Quizá, a los pueblos, les suceda como a los “animales y frutos”, que unos “nacen en un sitio a la libertad y en otro a la esclavitud”. Claro que Montaigne, como no conocía a Darwin, ignoraba que, para sobrevivir, hay que adaptarse a las circunstancias. Y, siendo nuestras raíces organismos vivos, los que ayer eran libres, mañana podrían ser esclavos porque, aunque nos guste más el cambio que la monotonía, la novedad más que la rutina, el avance más que el retroceso, las líneas sólo son fragmentos de curvas. Así que, en cualquier momento, el Big Cruch puede producirse, si la realidad, como alardeamos, posee estructura matemática. Pero sea el tiempo circular o lineal, haya habido o no un comienzo, reneguemos o no de nuestras raíces, Grecia, Roma y Cristo conformarán siempre nuestro suelo, como el dos siempre seguirá al uno, y la causa siempre será anterior al efecto. Y aunque, diacrónicamente, distingas a Zeus, Jehová y Júpiter, desde la tierra que pisas sólo verás individuos libres.
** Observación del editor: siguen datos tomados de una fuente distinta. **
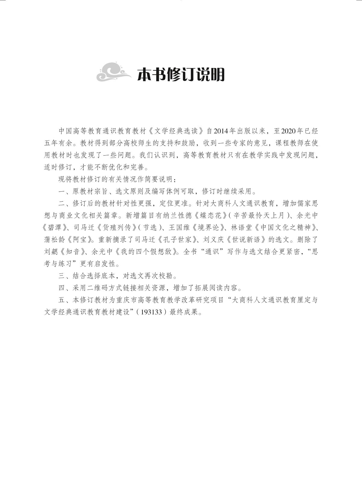 前辅文 诗词曲 木瓜 咏史(左思) 春江花月夜(张若虚) 月下独酌(其一)(李白) 蝶恋花·春景(苏轼) 天净沙·秋思(马致远) 蝶恋花(纳兰性德) 过旧居(戴望舒) 断章(卞之琳) 碧潭(余光中) 神女峰(舒婷) 伊利亚特(节选) 纸船(泰戈尔) 蜜腊波桥(阿波利奈尔) 散文 大学之道 孔子世家(节选)(司马迁) 货殖列传(节选)(司马迁) 陋室铭(刘禹锡) 前赤壁赋(苏轼) 百丈山记(朱熹) 徐文长传(节选)(袁宏道) 西湖七月半(张岱) 弈喻(钱大昕) 境界论(王国维) 中国文化之精神(林语堂) 给亡妇(朱自清) 说园(陈从周) 我与地坛(节选)(史铁生) 瓦尔登湖(节选)(梭罗) 社会与个人(爱因斯坦) 戏剧 长亭送别(王实甫) 惊梦(节选)(汤显祖) 雷雨(节选)(曹禺) 伪君子(节选)(莫里哀) 玩偶之家(节选)(易卜生) 小说 世说新语(三则)(刘义庆) 阿宝(蒲松龄) 转运汉巧遇洞庭红(节选)(凌濛初) 指迷十二钗(曹雪芹) 边城(节选)(沈从文) 小二黑结婚(赵树理) 围城(节选)(钱锺书) 红高粱(节选)(莫言) 青龙偃月刀(韩少功) 活着(节选)(余华) 百年孤独(节选)(加西亚·马尔克斯) 傲慢与偏见(节选)(简·奥斯汀) 安娜·卡列尼娜(节选)(列夫·托尔斯泰) 后记 第二版后记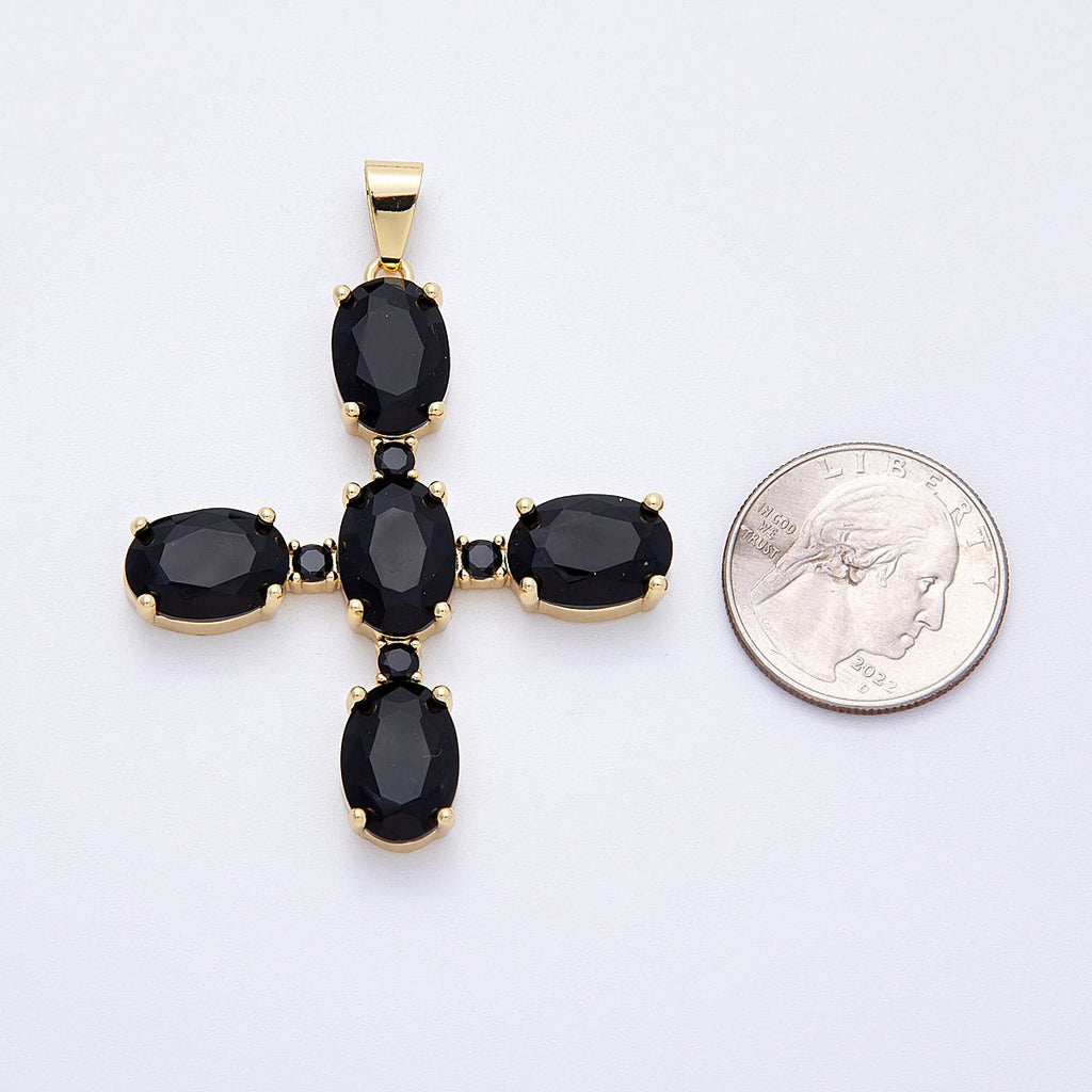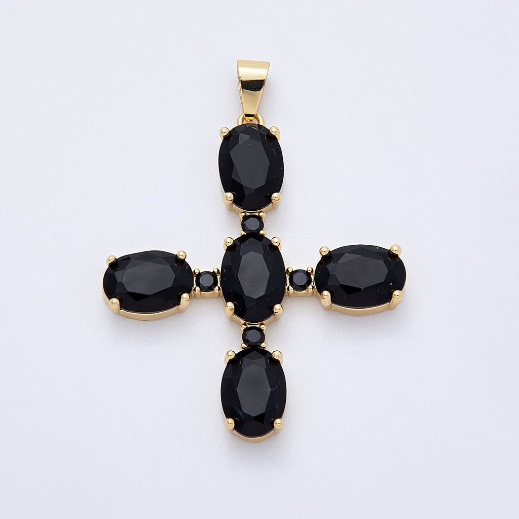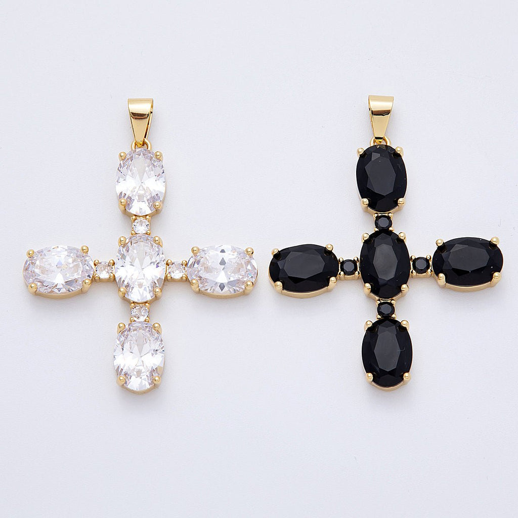 16K Gold Filled 53mm Clear, Black CZ Religious Pendant | Charms-00162 - Charms-00163

¿Un ejemplo? ¡Los libros! Los anaqueles de las bibliotecas son la mejor expresión de la libertad, de nuestras raíces. Las bibliotecas griegas -comenta Cicerón- “están atestadas de libros”, y las de Roma, Madrid, Paris, Berlín, Berna, Londres, Lisboa, Praga, Varsovia, Viena, Bruselas, Copenhague, Helsinki, Estocolmo, La Valeta, Budapest, Bucarest, Belgrado, Oslo, Praga, Mónaco, Sofía y Luxemburgo. Y no hablo de autores, ni de títulos, ni de lo que dijeron, sino de libros, de la libertad de escribir, publicar, conservar y transmitir nuestros pensamientos. La libertad de expresión forma parte de nuestras raíces. ¿O acaso crees que, las Vidas de Laercio, son un conjunto de biografías o de escuelas? “Las vidas y opiniones de los filósofos ilustres” son un compendio de individuos libres: Tales, Solón, Quilón, Pítaco, Biante, Cleobulo, Periandro, Anacarsis, Misón, Epiménides, Ferecides, Anaximandro, Anaxímenes, Anaxágoras, Sócrates, Jenofontes, Esquines, Arístipo, Euclides, Estilpón, Critón, Simón, Glaucón, Simias, Cebes, Menedemo, Platón, Espeusipo, Jenócrates, Polemón, Crates, Crántor, Arcesilao, Bión, Lácides, Carnéades, Aristóteles, Teofrasto, Estratón, Licón, Demetrio, Heráclides, Antístenes, Diógenes, Mónimo, Onesícrito, Crates, Metrocles, Hiparquía, Menipo, Menedemo, Zenón, Aristón, Herilo, Dionisio, Cleantes, Esfero, Crisipo, Pitágoras, Epicarmo, Arquitas, Alcmeón, Hipaso, Filolao, Eudoxo, Heráclito, Jenófanes, Parménides, Meliso, Zenón de Elea, Leucipo, Demócrito, Protágoras, Diógenes de Apolonia, Anaxarco, Pirrón, Timón y Epicuro. Los libros, confiesa Montaigne, “son la mejor munición que he encontrado para el humano viaje”, y yo para el mío.
¿Otro? Veamos. Fidias esculpió el Zeus de Olimpia, la Atenea Partenos, la Atenea Promachos, la Atenea Lemnia y multitud de dioses y diosas en la Acrópolis de Atenas. Pero, si Jerjes se hubiese apoderado de Grecia, ¿hubiese podido esculpir a dioses, héroes y hombres desnudos en los frisos del Partenón? Miguel Ángel esculpió el San Juan de Úbeda, el David de Florencia, el Moisés de la iglesia de San Pedro y la Piedad del Vaticano, además de pintar a Jesucristo, Adán, Eva y multitud de santos y pecadores desnudos en los muros de la capilla Sixtina. Pero, si no hubiese existido Cristo, habría esculpido a Dioniso, Zeus, Apolo, jóvenes atletas, guerreros, filósofos y pintado la teogonía, la gigantomaquia y el nacimiento de Venus en los templo de Roma y Florencia. ¿Por qué? Porque tan libre era Fidias como Miguel Ángel, y nosotros que contemplamos sus obras. Nuestras raíces no están en Zeus ni en Cristo sino en la posibilidad de que existieran, pudieran crear sus obras y hoy podamos verlas. “Vivimos como ciudadanos libres”, afirma con orgullo Pericles a los ciudadanos de Atenas, y nosotros.